Diversity and inclusion (D&I) is often the office battleground for larger civil rights struggles. Now, a new fight is afoot, dealing with education and family background.

In the federal workforce, a barrier to entry and differentiator for success is socioeconomic status – especially for first-generation professionals, defined as the first in their immediate families to hold a white-collar job.

“We have to find a way to find value in different stories,” Tinisha Agramonte, former Director in the Office of Civil Rights for the U.S. Commerce Department, said in her NextGen 2020 Virtual Summit keynote.

Qualitative research conducted by the Office of Civil Rights and U.S. Census Bureau indicates that the federal government doesn’t offer enough support for first-generation professionals. Office obstacles include having different communication styles, navigating authority structures and struggling to network.

In the virtual environment, many audience members typed back their experience. “I can so relate!! I didn’t even know what a watercooler was when I first started,” one attendee wrote.

Business dialect challenges are reinforced by imposter syndrome, Agramonte said, which is a feeling of being unqualified for one’s position. For first-generation professionals, that sentiment is all too familiar.

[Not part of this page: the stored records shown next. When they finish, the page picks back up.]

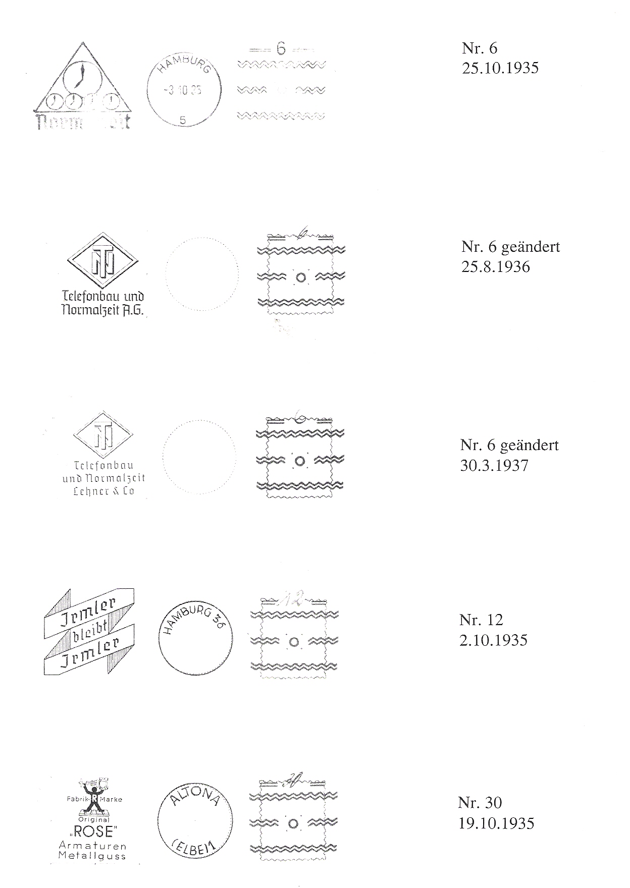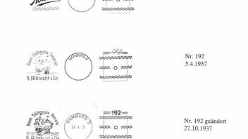 Gleichzeitig wurde die Marke mit 3 reihen doppelter Wellenlinien entwertet, die mittlere Reihe war durch die Dornen ausgespart.Dadurch entsctand ein kleiner kreis.Bei genauer Handhabung des Gerätes befand sich dieser genau am Ohrläppchen von Hindenburg (dadurch der Name Hindenburg mit Ohrring).
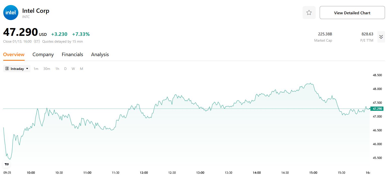 这一涨势主要受1月13日KeyBanc Capital Markets发布的利好研报推动,该投行将英特尔的评级上调至“增持”,并设定60美元的目标价,较发布当日股价有超过35%的上涨空间。
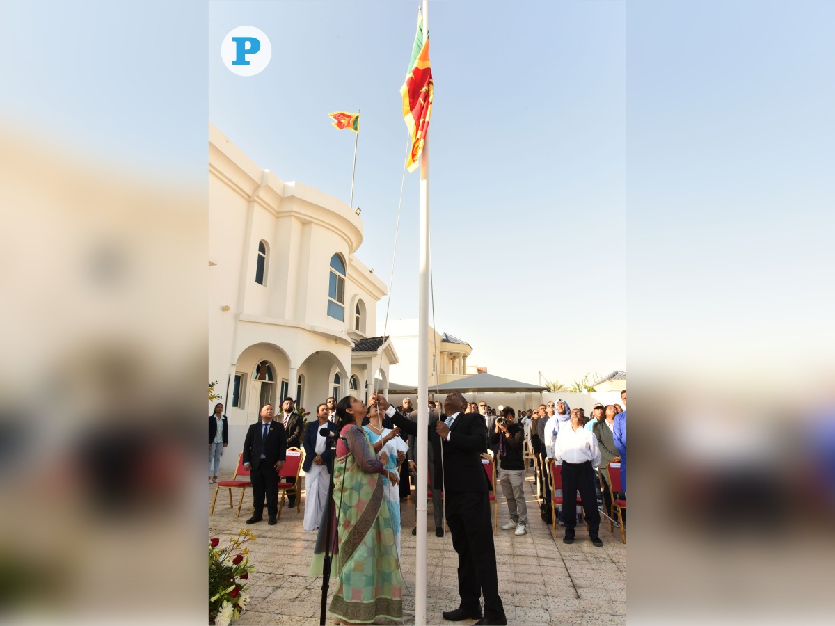Ambassador of Sri Lanka to the State of Qatar H E Sithara Khan Azard, hoisted the national flag before a gathering of the Sri Lankan community. The community members then joined the choir of the Stafford Sri Lankan School in Doha to sing the national anthem, followed by two minutes of silence in remembrance and honor of all the patriots who sacrificed their lives to liberate the motherland.
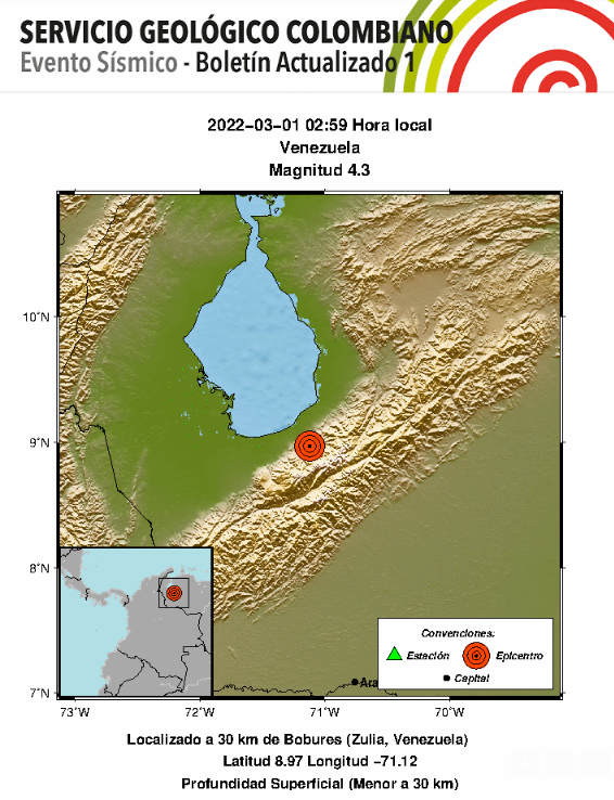 “Evento Sísmico Internacional – Boletín Actualizado 1, 2022-03-01, 02:59 hora local. Magnitud 4.3, Profundidad superficial, Venezuela”, indica la publicación.

The passion Agramonte carries into her work is rooted in personal experience. Growing up in Los Angeles and being raised in a working family, she had a different route to professional life than many of her colleagues.

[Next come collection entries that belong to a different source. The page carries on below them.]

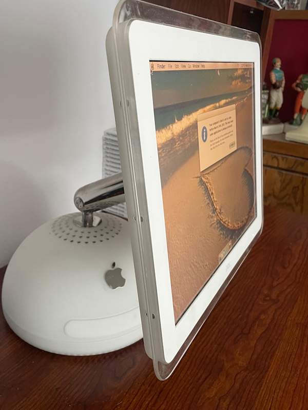 Pictured below is my iMac G4. It took me a while to power it up today. I had to “Google” for help to find the power switch. If you can read the error message, you will note that I have some clock issues to resolve due to its inactive state. You can also see the beautiful but expensive chrome neck. I must admit that I never bought this computer. I am the third owner, receiving it for free when my son upgraded. It was his sister-in-law’s before then. I used it a bit for music but saved it primarily because of its good looks.
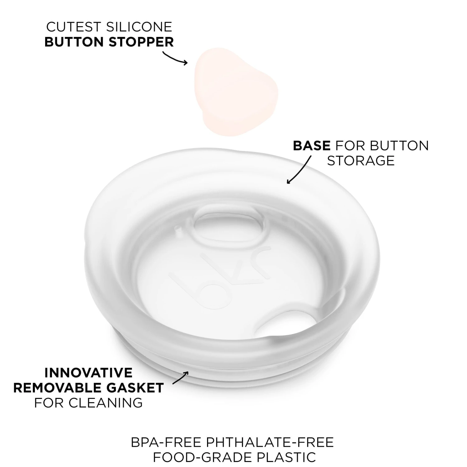– Splash resistant. Pop and lock the removable silicone bkr button from its base on the cap into the opening to help prevent splashback as you run around town
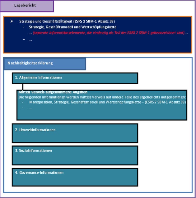 Diese Anlage ergänzt den ESRS 1. Sie enthält unverbindliche Veranschaulichungen zur Aufnahme von Informationen mittels Verweis auf einen anderen Abschnitt des Lageberichts in die Nachhaltigkeitserklärung gemäß Abschnitt 9.1 dieses Standards.
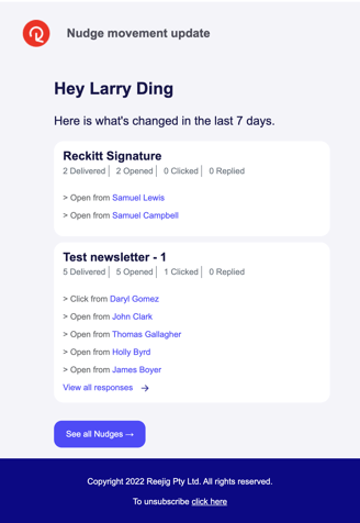 These weekly hooks remind users of the nudges they have sent during last 30 days, and summarise the most recent events happened on these nudges during last 7 days. This can help the user decide to re-engage the nudge campaign population, change the message, or refocus the audience.
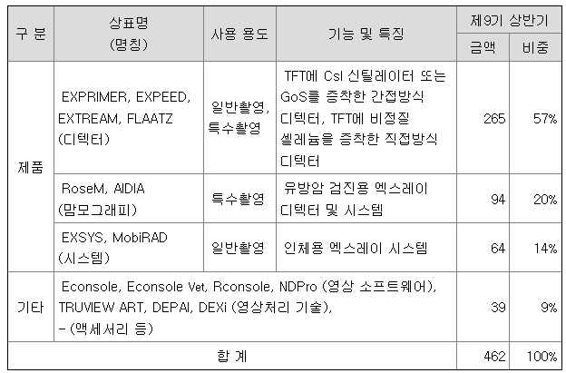 디알텍은 상기와 같이 특수촬영, 엑스레이, 의료영상 소프트웨어 및 장비 등 의료 관련 장비를 생산 및 판매하고 있다. 일반/특수촬영 장비가 전체 매출의 절반 이상을 차지하고 있어 가장 큰 비중을 가진다.
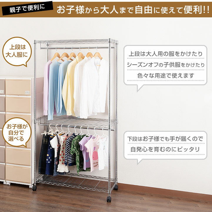 スチールラック業界トップシェアの「ルミナス」でおなじみのドウシシャ製だから、ルミナスの豊富なパーツでカスタム自由自在! 上下2段で使えるので、下段は子供用ハンガーラック、上段は大人用ハンガーラック等、色々な用途で使えます。
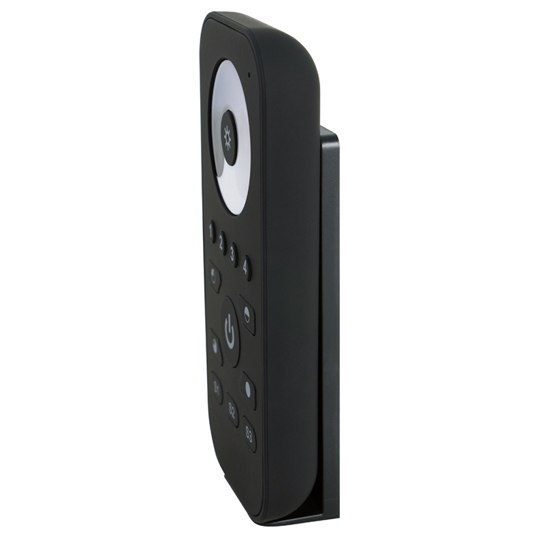 McLED RF dálkový ovladač pro řízení jasu (stmívání) jednobarevných LED pásků umožňuje nezávislé i společné řízení až 4 skupin RF přijímačů (nejsou součástí), každá skupina může mít neomezeně přijímačů. Rozměry ovladače: 120×55×17mm, napájení 3xAAA baterie (nejsou součástí), dosah cca 20m. Součástí balení magnetický držák, který lze upevnit pomocí 3M pásky, nebo vrutů (obojí součástí).

After community college and the seven years it took to get her degree, Agramonte still faced challenges once in the workforce. Though it was years ago, she has a fresh memory of sitting down at the main table in a meeting room before being tapped on the shoulder and asked to sit in one of the side chairs lining the walls. She wasn’t there yet, she was told.

“Many times when I thought about the obstacles that I faced, they really fell along socioeconomic lines,” Agramonte said. “It could be because I’m black, it could be because I’m female, but what I know for sure it is, is because I was born poor.”

Last year, the Commerce Department launched its First Generation Professionals (FGP) Initiative, which Agramonte architected. The FGP Initiative addresses many of the office-commissioned report’s findings, including setting up networking events and workshops for first-generation professionals across multiple agencies.

Independent federal programs have also paved new routes to the workforce. President Trump signed an executive order for the federal hiring practice to expand skills-based hiring and eliminate unnecessary college requirements.

Behind these programs is the idea that a nontraditional background can foster skills that a formal education can’t. Agramonte said the idea isn’t to devalue an Ivy League education and internships; it’s that multiple roads lead to success.

Before the keynote ended, Agramonte had a final ask for attendees.

“As you go about your day to day activity as emerging leaders, as current leaders, I want you to acknowledge in everything you do, who’s hand is being acknowledged and who’s hand is being ignored?” she said.